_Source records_
#####
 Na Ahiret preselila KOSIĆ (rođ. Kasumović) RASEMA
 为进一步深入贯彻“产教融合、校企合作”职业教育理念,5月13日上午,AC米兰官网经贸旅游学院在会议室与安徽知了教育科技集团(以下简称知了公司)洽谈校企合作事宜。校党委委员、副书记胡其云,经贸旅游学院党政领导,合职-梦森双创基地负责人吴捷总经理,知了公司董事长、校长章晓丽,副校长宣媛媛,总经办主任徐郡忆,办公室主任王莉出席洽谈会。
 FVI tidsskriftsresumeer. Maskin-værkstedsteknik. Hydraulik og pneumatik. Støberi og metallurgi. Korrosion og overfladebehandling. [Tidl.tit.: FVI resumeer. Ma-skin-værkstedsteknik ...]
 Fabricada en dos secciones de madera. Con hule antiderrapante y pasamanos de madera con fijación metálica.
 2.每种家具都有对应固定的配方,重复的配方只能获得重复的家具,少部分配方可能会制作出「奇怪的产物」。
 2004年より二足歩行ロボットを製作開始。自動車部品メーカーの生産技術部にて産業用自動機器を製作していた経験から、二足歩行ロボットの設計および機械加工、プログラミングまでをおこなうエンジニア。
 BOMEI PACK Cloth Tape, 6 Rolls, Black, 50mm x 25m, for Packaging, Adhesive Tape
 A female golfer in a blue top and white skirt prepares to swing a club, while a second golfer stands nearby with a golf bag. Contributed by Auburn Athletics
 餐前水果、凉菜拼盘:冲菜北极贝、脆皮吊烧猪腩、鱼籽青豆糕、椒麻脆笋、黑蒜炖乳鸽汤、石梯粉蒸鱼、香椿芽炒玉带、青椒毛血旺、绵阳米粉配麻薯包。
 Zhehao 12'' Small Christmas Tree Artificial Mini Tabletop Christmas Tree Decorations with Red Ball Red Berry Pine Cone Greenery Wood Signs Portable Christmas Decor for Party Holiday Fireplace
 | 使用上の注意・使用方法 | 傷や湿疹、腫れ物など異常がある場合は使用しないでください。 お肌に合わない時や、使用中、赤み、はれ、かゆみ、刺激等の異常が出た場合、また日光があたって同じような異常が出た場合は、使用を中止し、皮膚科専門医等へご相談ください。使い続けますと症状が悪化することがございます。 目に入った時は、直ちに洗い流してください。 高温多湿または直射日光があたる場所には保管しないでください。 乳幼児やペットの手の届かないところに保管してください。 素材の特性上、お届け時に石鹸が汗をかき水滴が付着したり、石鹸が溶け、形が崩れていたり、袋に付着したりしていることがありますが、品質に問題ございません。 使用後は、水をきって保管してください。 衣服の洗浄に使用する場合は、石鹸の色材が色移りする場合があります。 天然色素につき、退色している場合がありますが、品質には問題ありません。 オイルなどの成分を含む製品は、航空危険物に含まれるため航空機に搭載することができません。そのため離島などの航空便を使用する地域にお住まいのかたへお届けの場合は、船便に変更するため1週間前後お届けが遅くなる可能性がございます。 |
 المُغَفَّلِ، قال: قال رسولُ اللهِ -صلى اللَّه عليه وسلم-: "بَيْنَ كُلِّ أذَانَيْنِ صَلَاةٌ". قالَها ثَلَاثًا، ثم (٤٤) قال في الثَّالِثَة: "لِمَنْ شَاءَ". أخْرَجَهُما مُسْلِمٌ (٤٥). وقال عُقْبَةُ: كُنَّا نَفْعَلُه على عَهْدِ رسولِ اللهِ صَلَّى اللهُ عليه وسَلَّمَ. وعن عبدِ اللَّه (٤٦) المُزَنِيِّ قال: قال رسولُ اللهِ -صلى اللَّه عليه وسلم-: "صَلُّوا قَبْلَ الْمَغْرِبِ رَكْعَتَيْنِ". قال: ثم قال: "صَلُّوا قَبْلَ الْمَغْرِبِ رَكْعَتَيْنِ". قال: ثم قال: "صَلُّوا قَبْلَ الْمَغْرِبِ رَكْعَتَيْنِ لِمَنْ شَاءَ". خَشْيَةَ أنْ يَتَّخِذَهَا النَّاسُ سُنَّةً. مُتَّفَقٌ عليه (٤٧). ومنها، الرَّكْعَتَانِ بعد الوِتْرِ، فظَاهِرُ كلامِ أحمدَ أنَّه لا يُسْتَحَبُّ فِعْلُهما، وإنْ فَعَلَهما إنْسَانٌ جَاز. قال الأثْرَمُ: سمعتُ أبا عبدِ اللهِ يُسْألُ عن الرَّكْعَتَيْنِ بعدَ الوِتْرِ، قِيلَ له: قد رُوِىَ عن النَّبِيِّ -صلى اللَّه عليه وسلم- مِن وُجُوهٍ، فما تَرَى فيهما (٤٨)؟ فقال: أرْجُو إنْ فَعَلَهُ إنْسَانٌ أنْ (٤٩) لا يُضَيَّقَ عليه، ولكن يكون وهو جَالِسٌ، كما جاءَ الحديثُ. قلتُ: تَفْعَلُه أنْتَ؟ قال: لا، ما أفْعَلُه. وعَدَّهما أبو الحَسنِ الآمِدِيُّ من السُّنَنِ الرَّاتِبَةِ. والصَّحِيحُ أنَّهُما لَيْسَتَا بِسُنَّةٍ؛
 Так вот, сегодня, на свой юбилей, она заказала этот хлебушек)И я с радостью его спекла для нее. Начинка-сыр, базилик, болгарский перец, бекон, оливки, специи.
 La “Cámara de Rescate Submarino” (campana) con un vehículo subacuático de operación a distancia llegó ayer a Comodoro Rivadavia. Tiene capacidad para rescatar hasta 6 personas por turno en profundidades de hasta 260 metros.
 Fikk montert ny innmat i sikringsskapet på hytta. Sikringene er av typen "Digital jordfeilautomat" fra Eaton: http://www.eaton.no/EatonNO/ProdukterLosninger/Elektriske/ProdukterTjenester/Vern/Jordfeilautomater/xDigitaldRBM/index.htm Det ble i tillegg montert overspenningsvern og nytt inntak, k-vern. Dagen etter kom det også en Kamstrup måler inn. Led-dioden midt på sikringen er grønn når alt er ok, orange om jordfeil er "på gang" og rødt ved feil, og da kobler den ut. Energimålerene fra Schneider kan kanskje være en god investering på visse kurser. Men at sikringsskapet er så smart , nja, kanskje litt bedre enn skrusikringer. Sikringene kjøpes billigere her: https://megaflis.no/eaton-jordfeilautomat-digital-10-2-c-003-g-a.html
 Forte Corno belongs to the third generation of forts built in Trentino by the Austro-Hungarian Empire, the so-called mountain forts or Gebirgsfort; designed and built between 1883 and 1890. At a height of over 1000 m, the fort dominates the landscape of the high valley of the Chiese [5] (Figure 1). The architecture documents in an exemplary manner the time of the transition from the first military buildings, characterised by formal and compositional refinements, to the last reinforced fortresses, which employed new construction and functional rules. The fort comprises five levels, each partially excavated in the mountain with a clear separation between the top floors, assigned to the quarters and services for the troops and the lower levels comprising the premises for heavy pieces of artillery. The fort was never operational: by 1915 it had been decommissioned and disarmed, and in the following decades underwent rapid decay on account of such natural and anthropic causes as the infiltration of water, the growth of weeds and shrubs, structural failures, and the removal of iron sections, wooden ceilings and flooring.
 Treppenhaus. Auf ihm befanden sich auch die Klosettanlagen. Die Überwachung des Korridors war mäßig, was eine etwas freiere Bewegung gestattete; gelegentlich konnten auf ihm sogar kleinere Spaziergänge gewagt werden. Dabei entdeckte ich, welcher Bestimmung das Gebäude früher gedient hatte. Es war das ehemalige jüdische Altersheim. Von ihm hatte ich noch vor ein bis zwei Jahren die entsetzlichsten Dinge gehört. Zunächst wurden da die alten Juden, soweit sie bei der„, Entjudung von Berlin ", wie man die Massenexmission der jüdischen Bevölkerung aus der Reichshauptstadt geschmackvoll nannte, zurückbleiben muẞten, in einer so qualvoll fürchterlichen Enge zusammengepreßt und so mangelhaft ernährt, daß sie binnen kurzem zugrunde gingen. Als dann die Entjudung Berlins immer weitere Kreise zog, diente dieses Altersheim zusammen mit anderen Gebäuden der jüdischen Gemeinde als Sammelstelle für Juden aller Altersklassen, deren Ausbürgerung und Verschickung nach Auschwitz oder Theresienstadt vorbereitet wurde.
#####
_TRY IT_
Please copy only these lines, exactly: the first line of the records through the line containing "Zhehao 12'' Small", ends included.

_ANSWER TO THE PROBLEM_
 Na Ahiret preselila KOSIĆ (rođ. Kasumović) RASEMA
 为进一步深入贯彻“产教融合、校企合作”职业教育理念,5月13日上午,AC米兰官网经贸旅游学院在会议室与安徽知了教育科技集团(以下简称知了公司)洽谈校企合作事宜。校党委委员、副书记胡其云,经贸旅游学院党政领导,合职-梦森双创基地负责人吴捷总经理,知了公司董事长、校长章晓丽,副校长宣媛媛,总经办主任徐郡忆,办公室主任王莉出席洽谈会。
 FVI tidsskriftsresumeer. Maskin-værkstedsteknik. Hydraulik og pneumatik. Støberi og metallurgi. Korrosion og overfladebehandling. [Tidl.tit.: FVI resumeer. Ma-skin-værkstedsteknik ...]
 Fabricada en dos secciones de madera. Con hule antiderrapante y pasamanos de madera con fijación metálica.
 2.每种家具都有对应固定的配方,重复的配方只能获得重复的家具,少部分配方可能会制作出「奇怪的产物」。
 2004年より二足歩行ロボットを製作開始。自動車部品メーカーの生産技術部にて産業用自動機器を製作していた経験から、二足歩行ロボットの設計および機械加工、プログラミングまでをおこなうエンジニア。
 BOMEI PACK Cloth Tape, 6 Rolls, Black, 50mm x 25m, for Packaging, Adhesive Tape
 A female golfer in a blue top and white skirt prepares to swing a club, while a second golfer stands nearby with a golf bag. Contributed by Auburn Athletics
 餐前水果、凉菜拼盘:冲菜北极贝、脆皮吊烧猪腩、鱼籽青豆糕、椒麻脆笋、黑蒜炖乳鸽汤、石梯粉蒸鱼、香椿芽炒玉带、青椒毛血旺、绵阳米粉配麻薯包。
 Zhehao 12'' Small Christmas Tree Artificial Mini Tabletop Christmas Tree Decorations with Red Ball Red Berry Pine Cone Greenery Wood Signs Portable Christmas Decor for Party Holiday Fireplace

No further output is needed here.